Year : 2019 | Volume
: 40 | Issue : 3 | Page : 323--324
Do mass media in health awareness make a palpable impact on cessation of smokeless tobacco use?
Hitesh R Singhavi1, Pankaj Chaturvedi2,
1 Department of Surgical Oncology, Fortis Hospitals Mulund, Mumbai, Maharashtra, India
2 Department of Head and Neck Surgical Oncology, Tata Memorial Hospital, Mumbai, Maharashtra, India
Hitesh R Singhavi
Fortis Hospitals Mulund, Mumbai, Maharashtra
|How to cite this article:|
Singhavi HR, Chaturvedi P. Do mass media in health awareness make a palpable impact on cessation of smokeless tobacco use?.Indian J Med Paediatr Oncol 2019;40:323-324
|How to cite this URL:|
Singhavi HR, Chaturvedi P. Do mass media in health awareness make a palpable impact on cessation of smokeless tobacco use?. Indian J Med Paediatr Oncol [serial online] 2019 [cited 2020 Jan 25 ];40:323-324
Available from: http://www.ijmpo.org/text.asp?2019/40/3/323/272246
This editorial is an invited commentary on an article published in the issue of the Indian Journal of Medical and Pediatric Oncology authored by Madewell et al., that has pertinently addressed the relationship of mass media campaign with smokeless tobacco (SLT) cessation.
To quote the authors, India is the third largest producer of tobacco. There are over 300 million SLT users worldwide, of which 206 million (68.7%) live in India., Being the second largest consumer of SLT, we have one of the highest incidences of oral cavity cancers in the world arising every year. Therefore, tobacco control measures are mandatory to halt this epidemic. Mass media warning is an effective tool to provide a health warning to the public,, but whether it translates effectively into cessation of SLT is yet to be answered.
As mentioned by Madewell et al., to address the use and consequences of tobacco products, India initiated the National Tobacco Control Programme in 2007–2009 in 21 states, which was expanded to 29 states by 2013. Literature shows that mass media campaigns effectively inform the public of the dangers of smoking tobacco and promote quitting while campaign awareness is associated with better knowledge and more negative attitudes toward SLT. However, studies addressing the effect–cause relationship between antitobacco campaign and SLT cessation are lacking.
The Global Adult Tobacco Survey (GATS) is a nationally representative household survey driven by the World Health Organization, which enables countries to collect data on adult tobacco use and key tobacco control measures. GATS 1 (2009–2010) monitored adult tobacco use, tracked tobacco control indicators, and assessed the impact of tobacco control efforts, including the Cigarettes and Other Tobacco Products Act of 2003, whereas GATS 2 (2016–2017) measured the impact of tobacco control legislation since GATS-1. In this series of Indian Journal of Medical and Pediatric Oncology, recognized stalwarts of cancer research in India and global experts have addressed the association of mass media campaign and cessation of SLT users. This series provides an explicit appraisal of SLT cessation in India and is a valuable addition to the published work for cancer control in low- and middle-income countries.

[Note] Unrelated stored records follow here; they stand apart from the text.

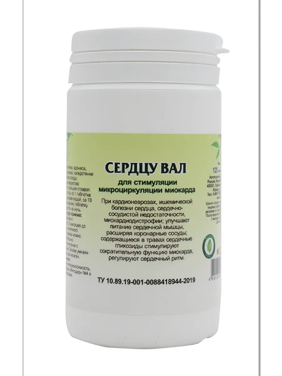 The herbal collection "VAL for the Heart" (90 tablets) is used for cardiac neuroses, coronary heart disease, cardiovascular insufficiency, and myocardial dystrophy; it improves the nutrition of the heart muscle by dilating the coronary vessels; the cardiac glycosides contained in the herbs stimulate the contractile function of the myocardium and regulate the heart rhythm.
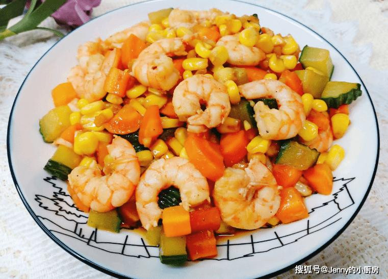 2. Tôm xào dưa chuột, cà rốt và ngô
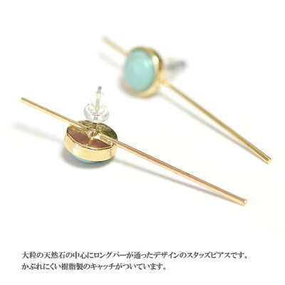 大粒の天然石の中心にロングバーが通ったデザインのスタッズピアスです。
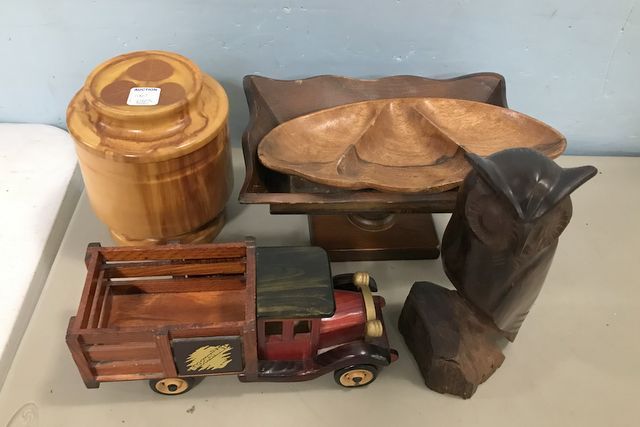Wood Carved Owl, wood compote, wood divided tray, wood antique truck, wood hand made container. Wood Carved Owl, wood compote, wood divided tray, wood antique truck, wood hand made container.

This study has assessed the relations between SLT health warnings in mass media and intention and attempts to quit using SLT. They also evaluated the changes between the two major surveys (GATS 1 and GATS 2). Approximately 1.6 lakh participants were screened with a response rate of more than 95% among both the parts. More participants noticed SLT warnings on SLT packages, television, billboards, and newspapers/magazines in GATS-2 than GATS-1, but fewer heard warnings on the radio (P< 0.01) (71.8% vs. 82.1%). Thus, from these data, it was clear that Internet and television were more impactful as compared to radio on curbing the habit.
Along with media, health warning labels (HWLs) have a significant influence on tobacco habit cessation. Evidence suggests that pictorial warning captures attention, increases the level of effectiveness, creates awareness of health risks, and creates unfavorable associations with the habit, as well as perceived effectiveness, negative affect, and motivation to quit., It has been shown in the literature that the enhanced size of HWLs significantly increases the level of effectiveness. From GATS 1 to GATS 2, the size of HWLs has increased from 40% on single side to 85% on both sides of the packet. As the size of HWLs grew, this led to a significant impact on both intention and attempt to quit SLT. Antitobacco messages on television, billboards, public vehicles, and walls were also associated with greater SLT cessation behavior. This is modestly represented in this analysis comparing GATS 1 and GATS 2. Thus, this study which is nationally representing samples of Indian SLT users has enough evidence to show SLT warnings in mass media may promote SLT cessation behaviour.
Finally, we fully agree with the Madewell et al that health warnings in mass media would definitely play an important role in the overall strategy to reduce the morbidity and mortality associated with SLT use.